The WordNet lexicon is centered around synsets, lists of synonyms that are intended to represent a meaning. Each synset is related to other synsets through semantic links. The types of links include among others hyponym, hypernym, meronym, holonym and antonym relations. Since a word can have more than one meaning, it can be part of more than one synset.
By extending our graph to include the word relations obtained from WordNet, we get a significantly richer linkage structure in our system. We no longer need to navigate through coinciding words, but can resolve synonyms and go into generalizations and specializations, opposites and hierarchies. This brings a qualitative change in the support of theme discovery. In the next section, we will delve deeper into the consequences of this type of facility.
A third source of relations between the objects and the graph can be mined from realized themes. Since the HyperMuseum Theme Repository stores themes as XML documents, with embedded links to the media records, it is relatively straightforward to get the context of the reference and construct links in our graph between the context words and the objects. This expands the number of meaningful links (within this context) that exist between an object and the rest of the graph.

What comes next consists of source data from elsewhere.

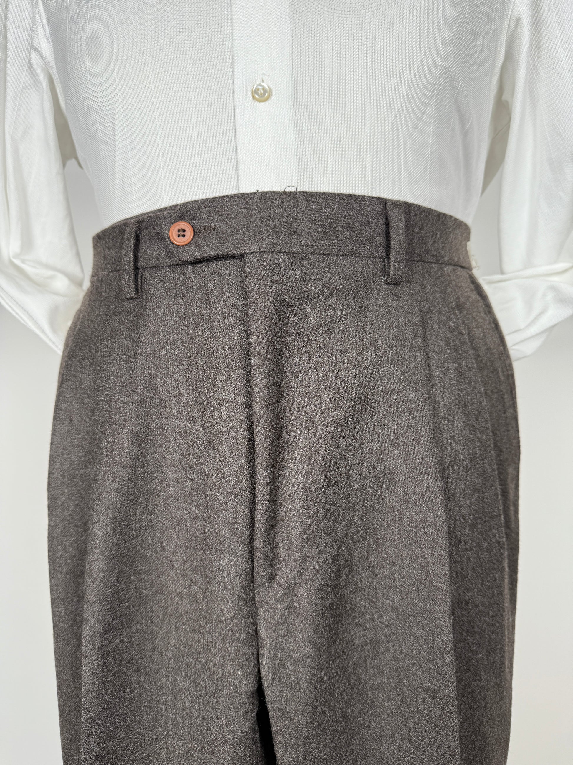 Pantaloni anni ‘80 in flanella 100% lana colore marrone.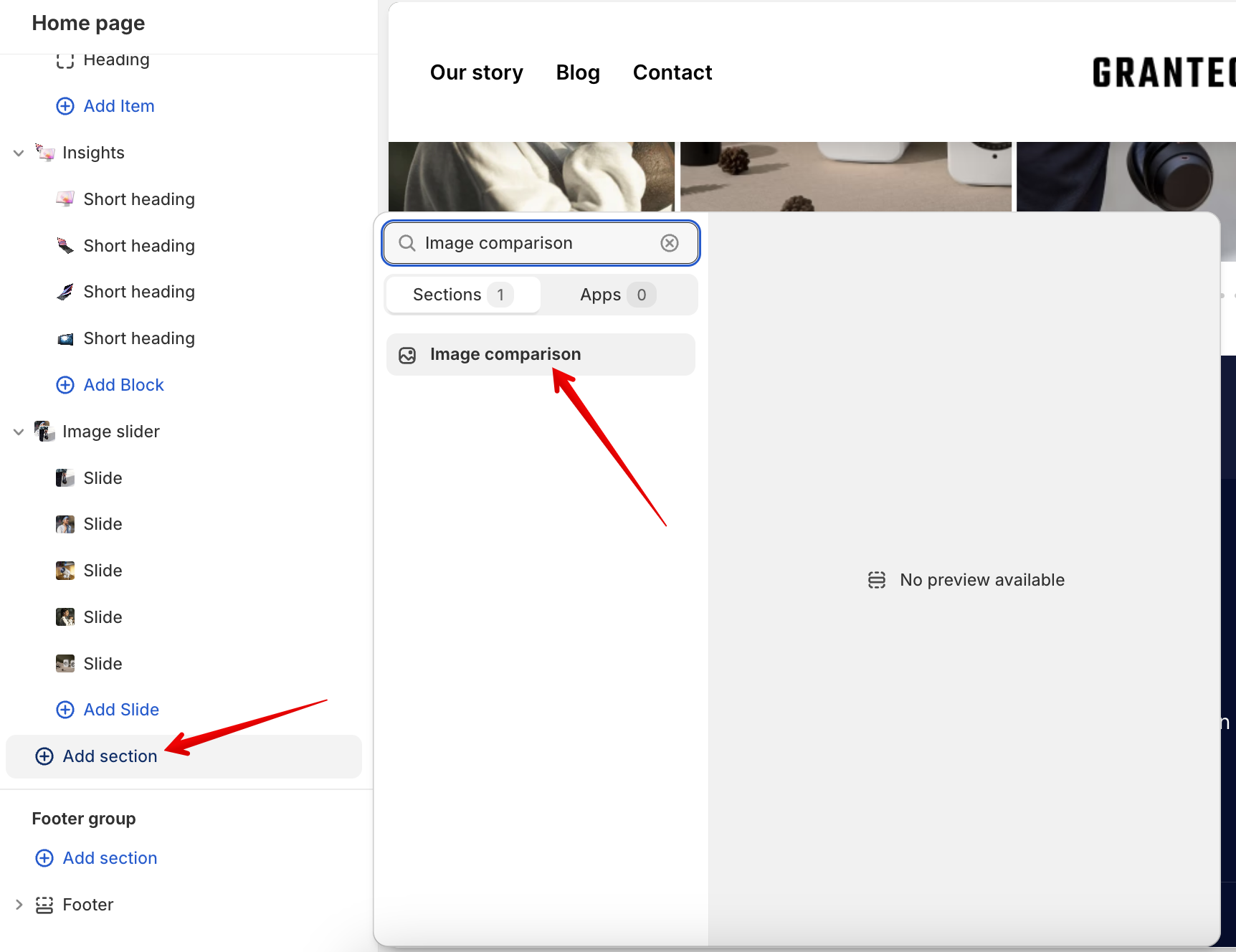 In order to add a section, you need to go to **`Customizer`** → **`Add Section`** → **`Image comparison`**.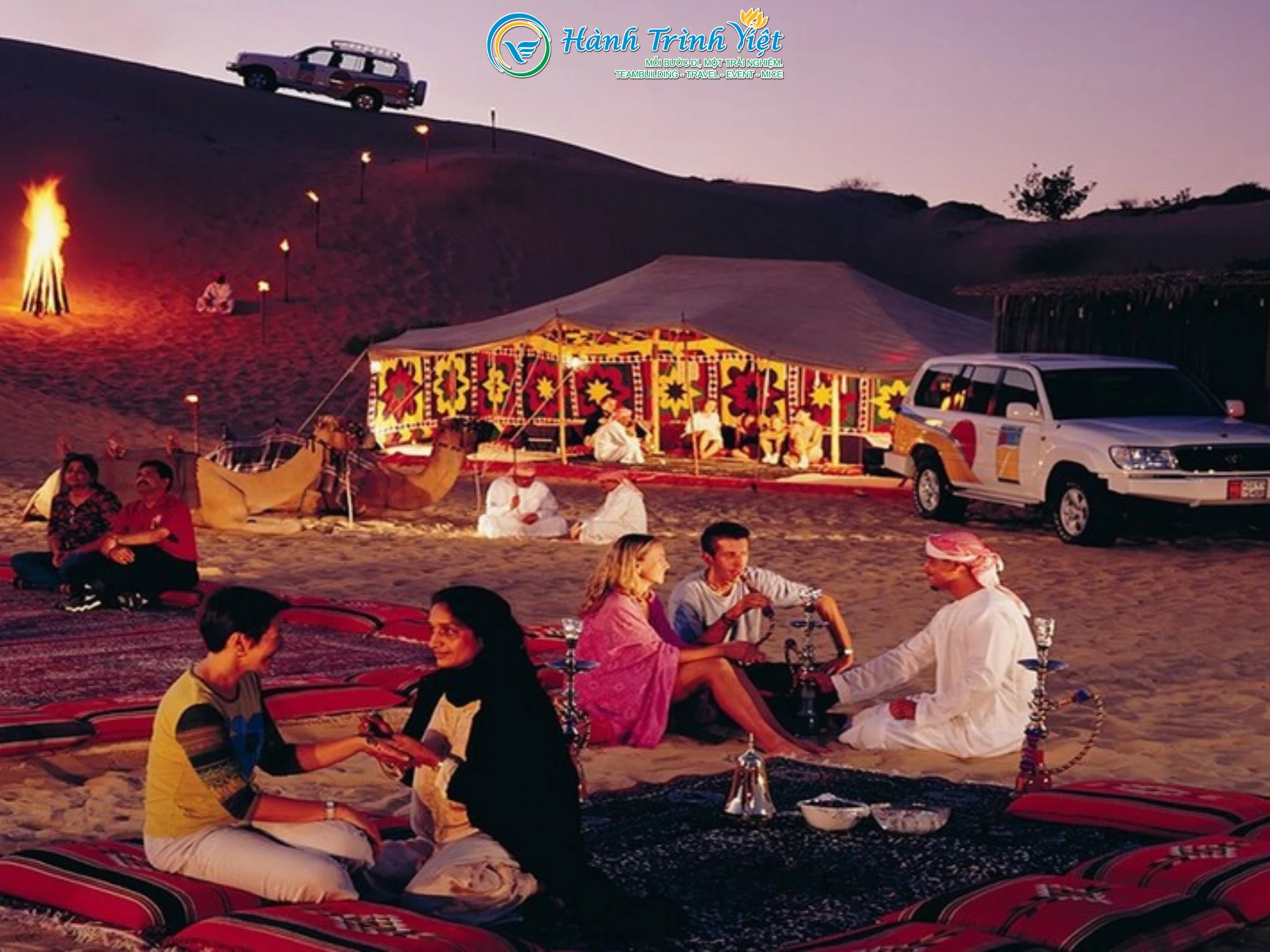 - Quý khách sẽ được chào đón một cách nồng ấm bởi người dân nơi đây, thưởng thức những tách cafe Ả Rập, hút thử shisha, … và đặc biệt là một bữa tiệc buffet BBQ kiểu Ả Rập cùng với các vũ công belly dance cực kỳ quyến rũ (*).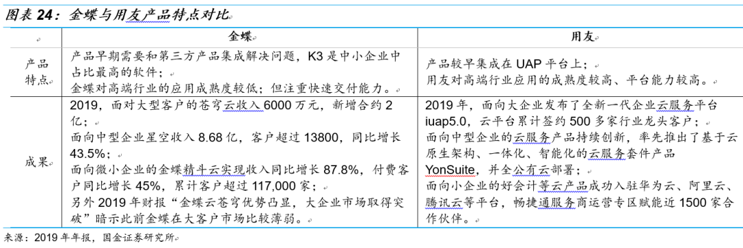 金蝶凭价格优势与快交付的策略在中型企业市场提升份额,同时公司率先启动云转型,促其产品更偏向轻量化、标准化。用友重视产品线成熟度和完整度,对于高端、大型企业的定制化和私有化需求,注重交付和定制能力。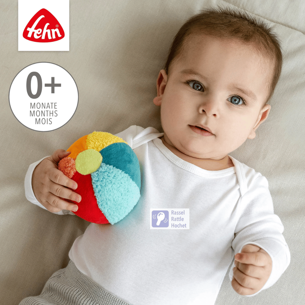 Wanneer de bal beweegt, laat de ingebouwde rammelaar een vrolijk geluid horen dat de aandacht van je kindje trekt en uitnodigt om te volgen, grijpen en spelen. De zachte materialen – een spannende mix van velours, bouclette en badstof – prikkelen het tastgevoel en zorgen voor een aangename grip.

Supporting Personal Theme Generation
In general, one performs theme discovery with the purpose of communicating it. While it is certainly feasible to use a modern content creation package to construct multimedia presentations, there are tasks specific in our context, for example generating timelines or maps, that would clearly benefit from specialized automated support. This need has also been identified and reported in similar projects such as (Buchanan 1999). The Theme Generation System contains a client side application, the HyperMuseum Personal Project Generator (HMPPG), whose primary goal will be the facilitation of this aspect.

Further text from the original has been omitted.